In the coming days a debate will be on the agenda of the Swiss Parliament which could lead to a change in the law on facilitation of unauthorised entry.

The laws are also used in a distorted way to target and prosecute civil society organisations.
In Croatia, the NGOs “Are you Syrious” and “Centre for Peace Studies” have been subjected to threats and intimidation and finally tried for “aiding and abetting irregular immigration” after having documented and denounced the rejections, even with excessive force, of the police at the borders with Serbia and Bosnia and Herzegovina.

In Italy, rescuers who rescued people who were trying to reach Europe on board vessels unfit for navigation were subject to defamatory campaigns and criminal investigations, had to follow a code of conduct that can delay rescues and were left at sea for a long time without an assigned safe port where the rescued people could disembark.
Since August 2017, the Italian authorities have seized the ships of NGOs on several occasions, thus reducing the number of those available to carry out rescue operations at sea, while in 2018 and 2019 the percentage of deaths at sea increased.

The Spanish authorities have misused the rules of administrative law to limit the search and rescue activities at sea of NGOs, threatening them with fines of up to € 901,000.

In Greece, Sarah Mardini and Seán Binder, two rescuers who had received special training, were in pre-trial detention for months for helping refugees who had landed on the island of Lesbos. They are awaiting trial on unfounded charges such as espionage and aiding and abetting irregular entry.

Faced with fines and legal fees, human rights defenders and criminalized NGOs must take time and resources away from their humanitarian work to defend themselves against unfounded accusations and get their ships back.
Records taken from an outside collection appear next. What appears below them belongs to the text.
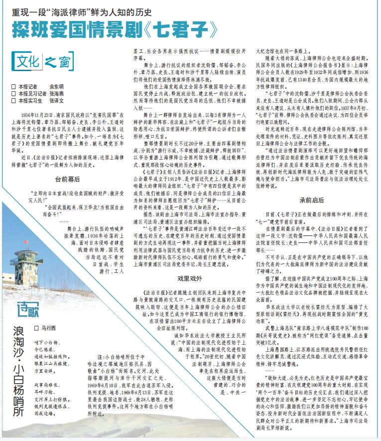 近日,《法治日报》记者探班排演现场,还原上海律师营救“七君子”的一段鲜为人知的历史。
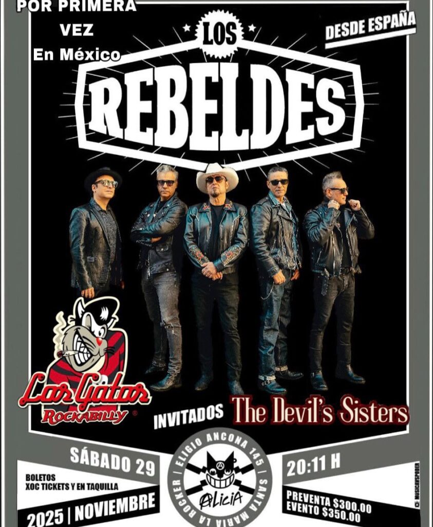 La noche del sábado 29 de noviembre promete convertirse en un rito de comunión entre generaciones, estilos y geografías. El legendario Foro Alicia, bastión de la contracultura capitalina y templo del rock más auténtico, será el escenario donde Los Rebeldes, la banda española más emblemática del rockabilly, desembarque por primera vez en México con su formación completa, encabezada por el carismático Carlos Segarra, pionero del género en la península ibérica y figura esencial en la historia del rock en español. El cartel se complementa con la presencia de Los Gatos Rockabilly y The Devil’s Sisters. Los Boletos tienen un costo en preventa de $300.00
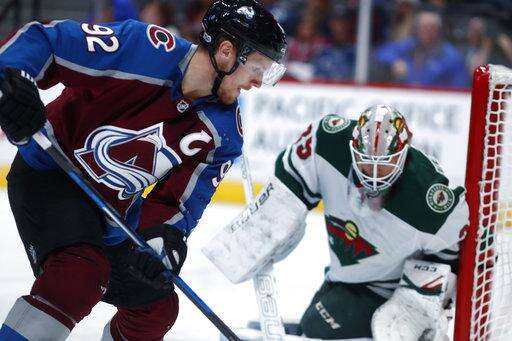 Colorado Avalanche left wing Gabriel Landeskog, front, of Sweden, redirects the puck at Minnesota Wild goalie Niklas Svedberg in the first period of a preseason hockey game, Sunday, Sept. 24, 2017, in Denver. (AP Photo/David Zalubowski) The Associated Press
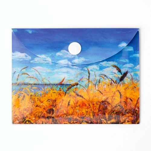 Teczka kopertowa VISTA Niebo Narcissus, format A7 Ozdobna teczka kopertowa VISTA, wykonana z trwałego polipropylenu z nadrukiem w postaci impresjonistycznego widoku kołyszących się zbóż na tle lazurowego nieba. Zamykana na zatrzask typu napa. Dzięki pełnemu zadrukowi, zawartość teczki pozostaje niewidoczna na zewnątrz. Idealne rozwiązanie do przechowywania dokumentów lub niewielkich płaskich przedmiotów. Specyfikacja: • format A6 (120 x 90 mm) • wykonana z polipropylenu • zamykanie na zatrzask typu napa • grubość tworzywa 28 mikronów

In March 2019, a group of refugees and migrants confronted the captain of the ship “El Hiblu” who, after rescuing them, threatened to illegally sail back to Libya, despite the very real risk that they might be subjected to torture and other human rights violations. On arrival in Malta, three minors who were part of that group were arrested by the island authorities on charges of hijacking the ship. They face life imprisonment on totally disproportionate charges, some of which are related to anti-terrorism laws. So far, no evidence has emerged that they have committed acts of violence or put anyone in danger.

Amnesty International is urging the European Union and its Member States to amend national laws and European rules on facilitation of unauthorised entry, transit and residence in order to include a concrete material benefit in the definition of the crime. This would avoid the use of such laws to punish humanitarian and solidarity-based actions.

Persons acting on behalf of and for the protection of human rights are defined as human rights defenders by the United Nations Declaration of the same name. According to this Declaration, states must ensure a safe and enabling environment in which human rights defenders can operate without fear of reprisal.
Within the European Union, its leaders should put in place measures to implement the UN Declaration on Human Rights Defenders and ensure that no one will be prosecuted solely because of his or her work for human rights.